Referring to Sect. 2.4, the weight calculation for a typical MHC \(\left( {w_{MHC} } \right)\), resulting from any branch of the logic tree (Fig. 1a) is given by Eq. (7) which requires the \(w_{SERF}\) and \(w_{ERF}\) to be calculated. Here \(w_{SERF}\) is given by Eq. (6) and can be calculated if \(w_{iq}\) (associated weights of GMPEs, \(i = 1,N_{q}\) in \(q^{th}\) source zone) are known. Hence, the selection of GMPEs and their weight calculation (\(w_{iq}\) and \(\overline{w}_{jq}\)) are explained in the next section.

3 GMPE Selection and Weight Calculation

Proper selection of GMPE is an important step for evaluating the seismic hazard at any site. A few GMPEs are reported to date for North-east India including the Himalayan region due to the limited recordings of strong ground motion data, such as Sharma et al. (2009), Nath et al. (2012), Anbazhagan et al. (2013), and Gupta (2010). However, several GMPEs have been reported around the world for similar tectonic features and site characteristics. Douglas (2020) reported a nice collection of GMPEs developed all around the world to the date of publication.

Generally, three to four GMPEs are good enough for the consideration of epistemic uncertainty due to selection of GMPEs (Stewart et al., 2013). Selection criteria recommended by Bommer et al. (2010) is applied to the database of GMPEs (Douglas, 2020) in the reverse chronological order (starting from the recent), to the selection of ten to 15 GMPEs in each source zone. Hence, a set of 14 and 12 GMPEs are selected for ACR and SZ, respectively, and summarized in Appendix A. All these screened GMPEs use different measures of source-to-site distance such as Joyner-Boore distance \(\left( {R_{jb} } \right)\), epicentral distance \(\left( {R_{{{\text{epi}}}} } \right)\), hypocentral distance \(\left( {R_{{{\text{hypo}}}} } \right)\) and rupture distance \(\left( {R_{{{\text{rup}}}} } \right)\).

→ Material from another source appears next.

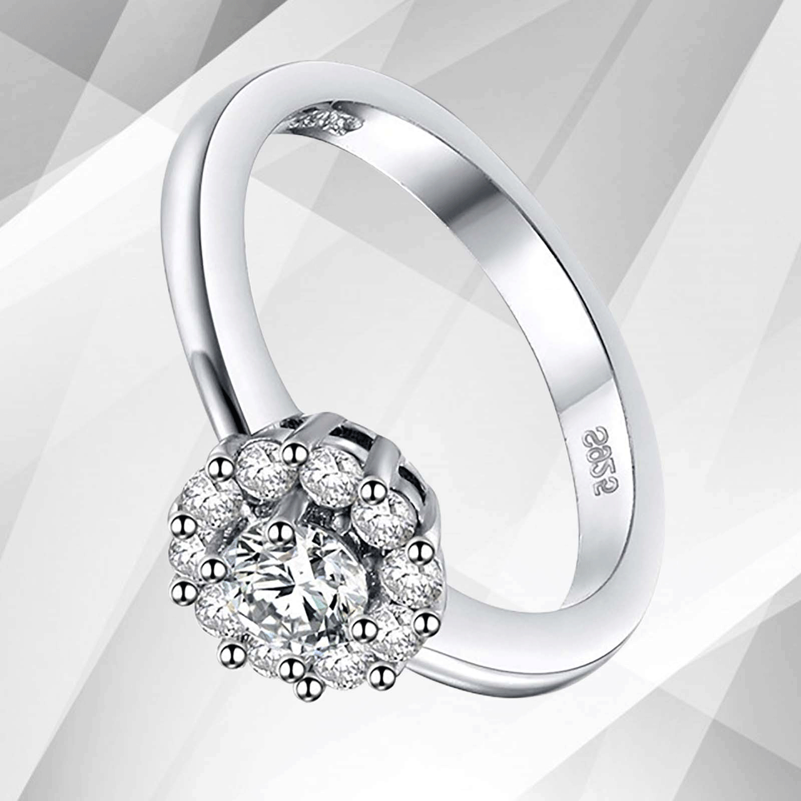 Our engagement ring is made from high-quality brass, finished with a luxurious 18Ct white gold overlay. This combination not only enhances the ring's aesthetic appeal but also ensures durability and longevity. The ring features a total carat weight of approximately 1.70Ct, with 11 dazzling round-cut CZ diamonds that are lab-grown to perfection. Each diamond is carefully selected for its clarity and color, rated at AAA and D respectively, ensuring that you receive a product of the highest quality.

Final selection of the GMPEs is based on the ranking using an information theoretic or log-likelihood (LLH) approach reported by Scherbaum et al. (2009), and implementation of which in the present context is briefly described here. Let \(N_{q}\) be the number of candidates GMPEs for ranking in the \(q^{{{\text{th}}}}\) source zone after preliminary screening. Recorded strong motion data at PESMOS (Program for Excellence in Strong Motion Studies) and COSMOS (Consortium of Organizations for Strong Motion Observation Systems) stations in the north-east region with moment magnitude greater than 4 and \(R_{jb}\) less than 300 km (reduced if GMPE is not applicable) are considered for log-likelihood estimation. However, \(R_{jb}\) is not reported in the database. Therefore, \(R_{hypo}\) and \(R_{epi}\) are first computed from the information of latitude and longitude of the source and station and focal depth reported in the database. Associated \(R_{jb}\) is next constructed using the algorithm of Petersen et al. (2008). Appendix B summarizes the selected database which is used in the ranking process.

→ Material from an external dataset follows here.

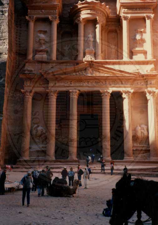 Photo taken in the Syk, entrance to Petra, a historical and archaeological city in southern Jordan. Candace took the shot in the entry way canyon looking into the city. The building in view is the Treasury, a tomb. |

The candidate GMPEs use different intensity measures for the horizontal component of seismic excitation including GMRotI50, RotD50 and geomean. Five percent damped absolute acceleration response spectra are constructed using GMRotI50, RotD50 and geomean as the intensity measure for each recording. Geomean is defined in this paper over the ‘as-recorded’ pair (without any rotation for along and normal to the principal plane). Other intensity measures such as random, vectorial composition, and horizontal unspecified, if used in the GMPEs, are assumed as geomean in this paper. The observed sample data set for each GMPE is constructed using the associated spectral ordinates sampled at the period of 0.005 s over a period range of zero to the specified maximum.

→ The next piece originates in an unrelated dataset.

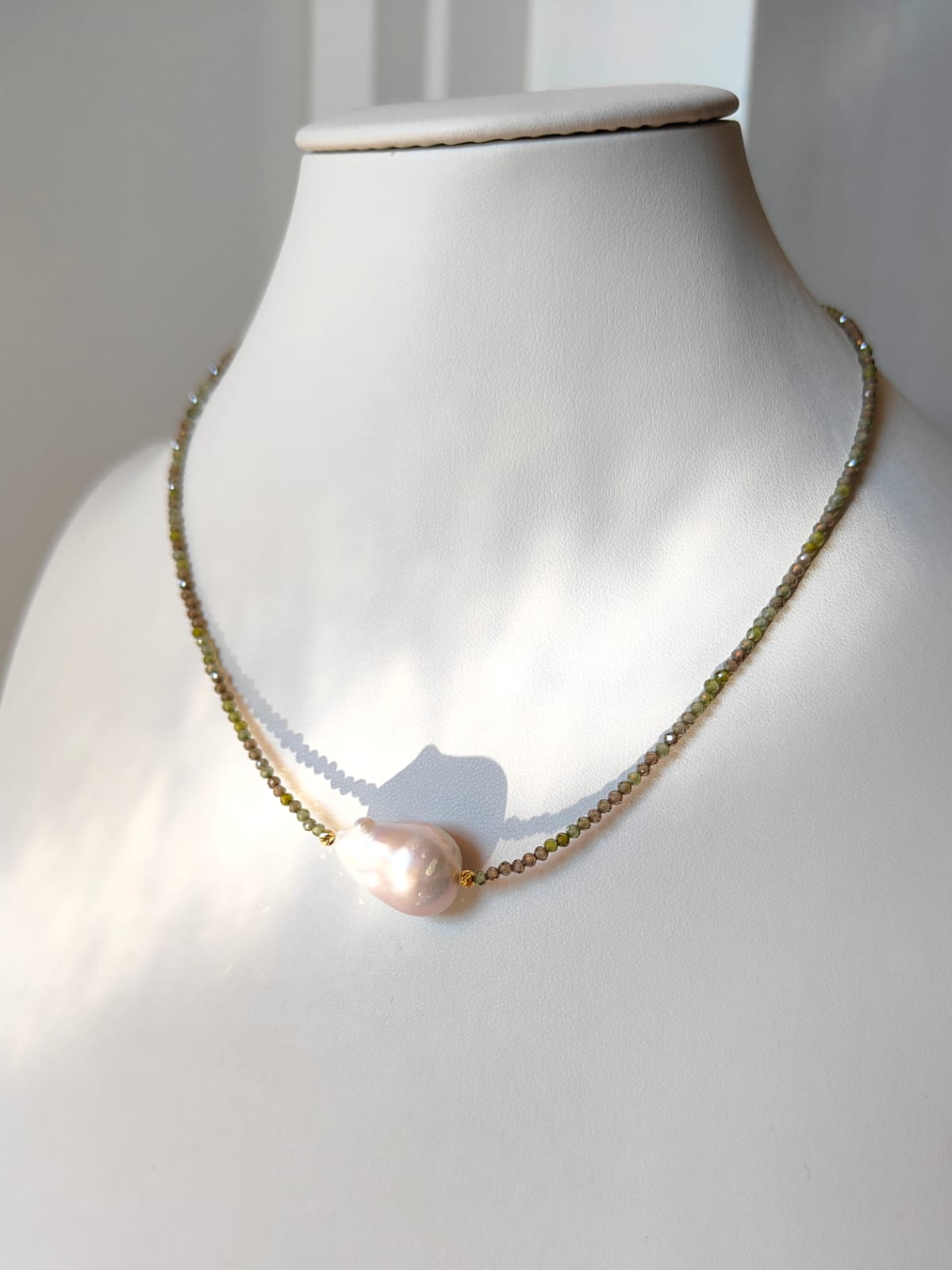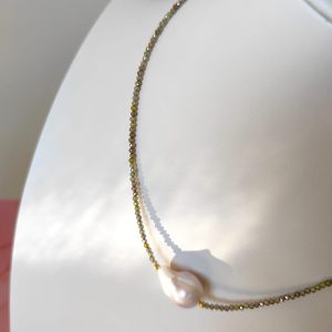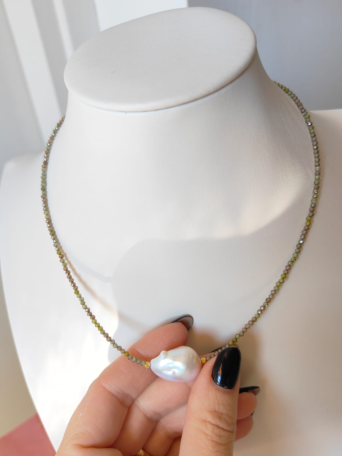 Il Girocollo Zirconi Verdi Perla nasce per chi ama la delicatezza dei toni naturali e l’eleganza senza eccessi. Le sfumature verdi degli zirconi, luminose ma sobrie, creano una collana versatile e facile da abbinare. Al centro, una perla barocca irregolare cattura la luce con un riflesso morbido e perlescente, diventando immediatamente il punto focale del gioiello.

Let the observed sample data set be defined as \(X = \left\{ {x_{k} } \right\}\), with \(k = 1,2,3, \cdots ,n\). Here \(k^{th}\) realization is associated with a given triplet of magnitude \(\left( {M_{k} } \right)\), source-to-site distance \(\left( {R_{k} } \right)\) and the time period \(\left( {T_{k} } \right)\). Associated with this \(k^{th}\) triplet, each GMPE returns the median \(\left( {\overline{Y}_{k} } \right)\) and logarithmic dispersion \(\left( {\sigma_{k} } \right)\) of the respective intensity measures that are assumed to be log normally distributed. Hence, conditioned to a governing GMPE, the probability of \(k^{th}\) observed data is given by

$$p\left( {X = x_{k} \left| {\overline{Y}_{k} ,\sigma_{k} } \right.} \right) = f\left( {x_{k} } \right)dx = \frac{1}{{\sigma_{k} \sqrt {2\pi } }}e^{{ - \frac{{\left[ {\ln \left( {x_{k} } \right) - \ln \left( {\overline{Y}_{k} } \right)} \right]^{2} }}{{2\sigma_{k}^{2} }}}} dx.$$
(10)

It should be noted that source-to-site distance for the observed events is available in \(R_{hypo}\), \(R_{epi}\) and also in \(R_{jb}\) using the algorithm of Petersen et al. (2008). In addition, \(R_{rup}\) is also required for some GMPEs and, in such cases, \(R_{jb}\) is converted into \(R_{rup}\) as recommended by Tavakoli et al. (2018). Average sample log-likelihood is next given by the negative of the average of logarithm of joint probability as follows:

$${\text{LLH}} = - \frac{1}{n}\sum\limits_{k = 1}^{n} {log_{B} \left\{ {f\left( {x_{k} } \right)} \right\}} .$$
(11)

Here \(B\) denotes the base of the logarithm which is taken as 2. Associated weight for the \(i^{th}\)(out of \(N_{q}\)) GMPE in \(q^{th}\) source zone is given by

$$w_{iq} = \frac{{B^{{ - LLH_{iq} }} }}{{\sum\nolimits_{i = 1}^{{N_{q} }} {B^{{ - LLH_{iq} }} } }}.$$
(12)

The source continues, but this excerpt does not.